Although I only found partial support of my hypothesis, it is possible that the welfare state still matters in societies where the government took strong actions in response to the Pandemic. Many of the countries in this sample had just experienced their outbreak in late April and the government had only just responded. Therefore, the publics did not have time to react or determine the effectiveness of the response. This could be a source of bias in the model. Moreover, it is likely that risk perceptions among the public are part of the cause of government's responses. Where risk perceptions are lower, government response may be more nonchalant, as policymakers have strong incentives to follow public opinion. However, in the case of a pandemic, this reaction is costly to human lives. Earlier government intervention inevitably leads to short-term risk perception heightening. Unemployment surged and small businesses risked bankruptcy, parents were mostly forced into homeschooling or caring for their children, and people experienced a high degree of social isolation as a result of lock down measures. But, if my model here is reasonably accurate, it means that governments should intervene in pandemics no matter what. Even if the public do not want it, the long term reductions to risk will outweigh the short term negative public response.
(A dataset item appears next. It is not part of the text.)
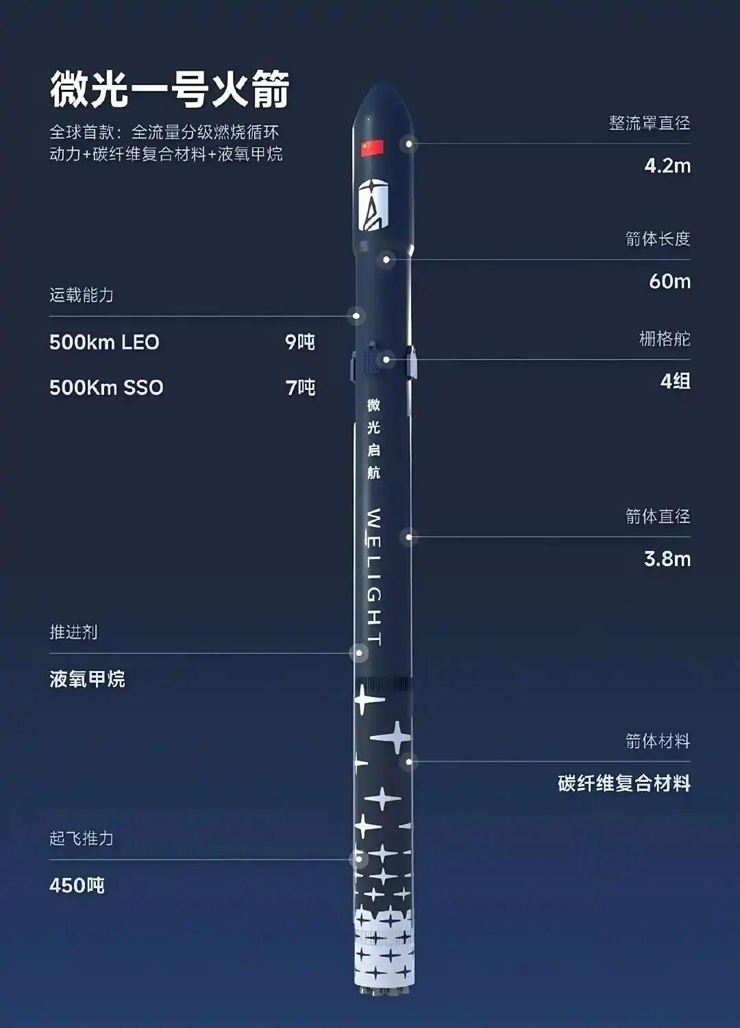 “微光一号”是国内首款全面应用碳纤维复合材料的运载火箭,配套自主研制的全流量液氧甲烷发动机。其碳纤维复合材料相较传统金属材料减重30%以上,兼具高强度与耐极端环境特性。

As discussed at the outset, risk perceptions are a negative psychological load in individual's lives and might lead to irrational or fear-based actions. Of course some sense of risk is necessary to motivate healthy individual and public choices, but when it is too great or extends for too long the impact on well-being is detrimental. Some research suggests that disasters have scarring effects on individual risk perceptions, so that they are more likely to perceive risk in the future, again increasing their likelihood for negative affect and potential for reduced societal well-being (see discussion in Brown et al. 2018). This suggests early interventions are particularly important for longer term well-being in both strong and weak welfare states, it boils down to whether prevention of the disturbance of government imposed restrictions outweighs the scarring effect of mass unattended human burials in the long run – I am doubtful. This suggests careful consideration of not only short term, but also long term feedback effects of risk perceptions along with public opinion and policymaking (as discussed in Breznau 2017).
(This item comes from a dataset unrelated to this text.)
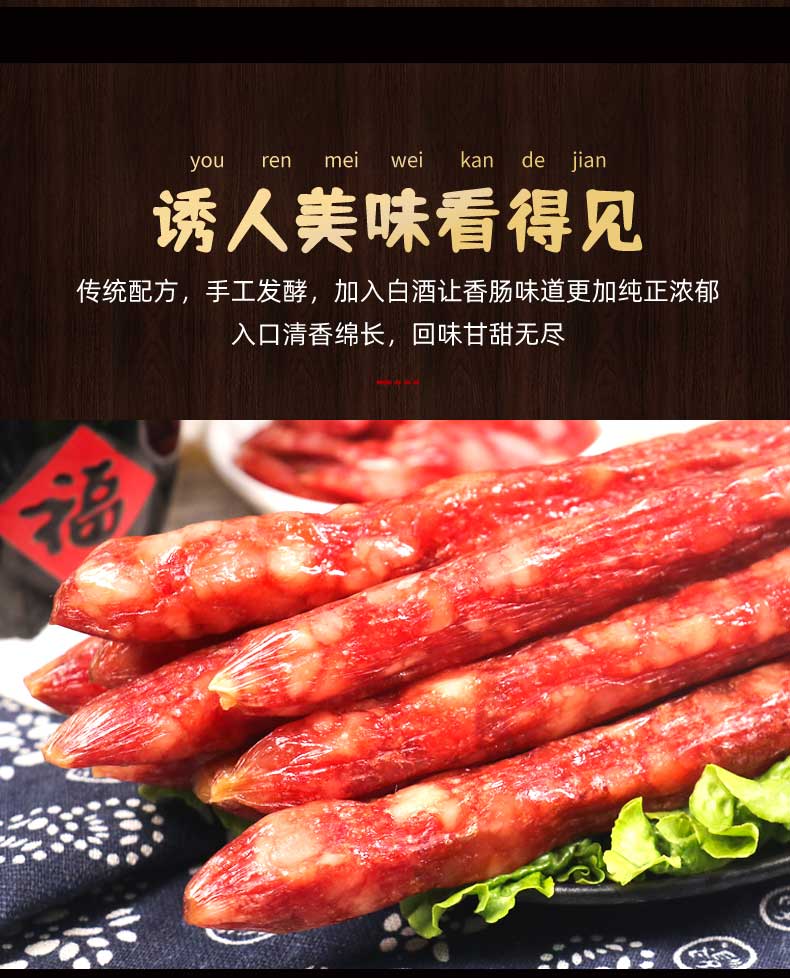 荣业广式腊肠真系五分瘦肠广东猪肉肠广东特产广味腊肠传统广式腊味

This study complements others finding non-material welfare benefits to stronger welfare states. For example, social scientists found that fear of crime is lower among individuals living where social security replacement rates are higher (Hummelsheim et al. 2011). One researcher demonstrated that subjective well-being is predicted by unemployment benefit generosity, suggesting that insurance provides peace of mind as much as income replacement (Sjöberg 2010). Based on psychological research I infer that individuals with higher risk perceptions measured as concern for themselves, families and friends experience negative well-being. As such, this study suggests that the welfare state could have large impacts on individual well-being in case of societal-level shocks or states of emergency. Building a strong welfare state has spillover effects by making societies better prepared for both the economic and psychological impacts of future pandemics.

No potential conflict of interest was reported by the author(s).

Nate Breznau holds a PhD in Sociology from the Bremen International Graduate School of Social Sciences, has done extensive research on public opinion and individual attitudes as they relate to politics, social welfare and inequality and works on issues of social policy in both sociology and political science. He previously held postdoctoral positions at the University of Bremen and University of Mannheim, and was the recipient of a Wikimedia Freies Wissen Fellowship to promote open science and a German Science Foundation grant to study the ‘Reciprocal Relationship of Public Opinion and Social Policy’.